Enforced morality is not in the Constitution,
the amendments or the early Federal Laws of the United States and we did a
lot better than the U.S. is doing in the present day. Maybe we knew something
that has been forgotten?
Maturity is automatically the result
when a person's moral understandings are all summed up correctly. Without moral understandings
then a child can never mature and others have to raise these children
when they become adults. This includes American society as a whole, the legal
system, the U.S. Military and the mass media, the last of which nearly everyone
will agree does not do an adequate job at all.
You can't legislate morality, you
only legislate rules.
I think most of this stems from a
fairly recent desire to legislate out a persons rights to raise their own children.
It's perhaps a backlash in direct response
to the 'me generation' of the 1980's+. Many people saw the outrageous behavior
of a minority as a call to arms. When people saw children behaving unethically
they used to make an inner commitment which went something like this: 'I'm
not going to raise my children to behave like that'. That changed when they
saw a whole generation behaving unethically to 'I'm not going to allow anyone
to raise their children to behave like that'.
George Washington had this to say
concerning moral rules and regulations: 'They are going to do it anyway.
The sooner they do it the sooner they will get it out of their system.'
(Ben Franklin also had a really good one
but I can't remember what it was.)
The greatest impediment of raising
children is primarily interference by others. It used to be interfeerance by other children mainly,
now it seems to be by other well meaning parents as well. No matter how well meaning
a person is that kind of interference can't help but to undermine the family's influence
by planting seeds of distrust of their parents in children.
When others tell you what to do and
what not to do they are actually robbing you of your morality and the right to become a moral person. They usurp the process
of learning right from wrong which results in the establishment of a
person's rules of morality. If a person cannot learn right from wrong then they can never become a moral person.
Morality must be understood. Morality
laws only create a set of rules. They almost never produce the same result.
They often create the opposite effect.

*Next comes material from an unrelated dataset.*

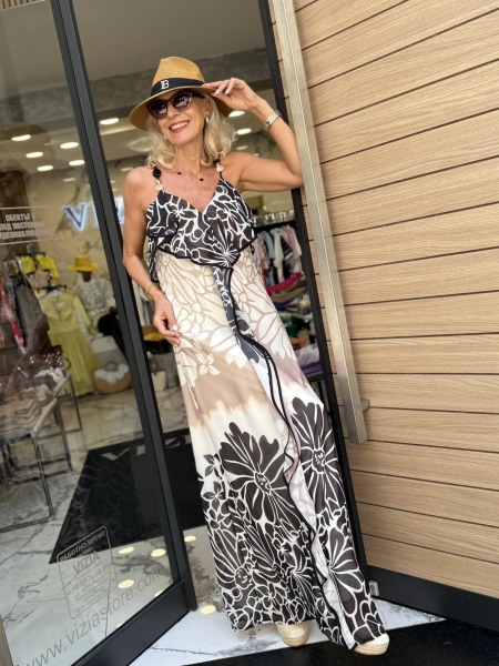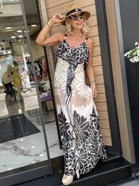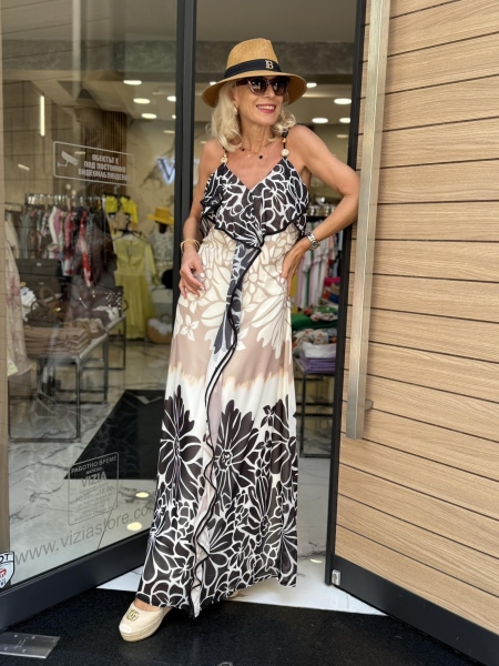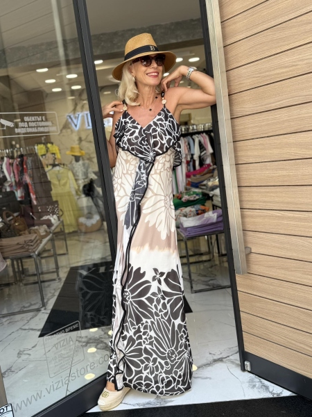 Дълга рокля от шифонена материя с летен десен. Моделът е с тънки презрамки и се закопчава с цип.

The process of learning is cut short
so that the person learns to say one thing and then do the opposite. The person often then, as an adult, work backwards
in an attempt to go through the learning process which should have given
them a sense of morality. It's inefficient in reverse so it takes much longer
and the end result is usually a patchwork of understandings. This process just does
not produce the same results.
I might add that it is also liable
to create the opposite effect. Tell someone else's young children to never put
beans up their nose and pretty soon those children are likely to be found in
the hospital emergency room. Tell someone else's older children to 'never take
drugs' and you are just about as likely to find them in the hospital emergency room.

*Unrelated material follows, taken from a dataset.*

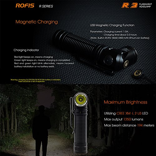 Rofis R3 EDC Torcia/Lampada Frontale CREE XM-L2 LED Bianco Freddo 1250 lumen Testa Girevole Regolabile illuminazione Torce Elettriche USB Magnetica Ricaricabile con 18650 batteria

All you end up with are dead inside
robotic people and hypocritical radio talk show hosts who chastise drug users,
even when it is for medical purposes, while at the same time they are drugging themselves
with the most addictive narcotics know to the human race. That is the epitome
of immorality. This is evidence of the poisoning that morality legislation has
perpetrated and the resulting immorality that it has actually created. A nation of Stepford
wives and Rush Limbaughs
is where the United States seems to be headed.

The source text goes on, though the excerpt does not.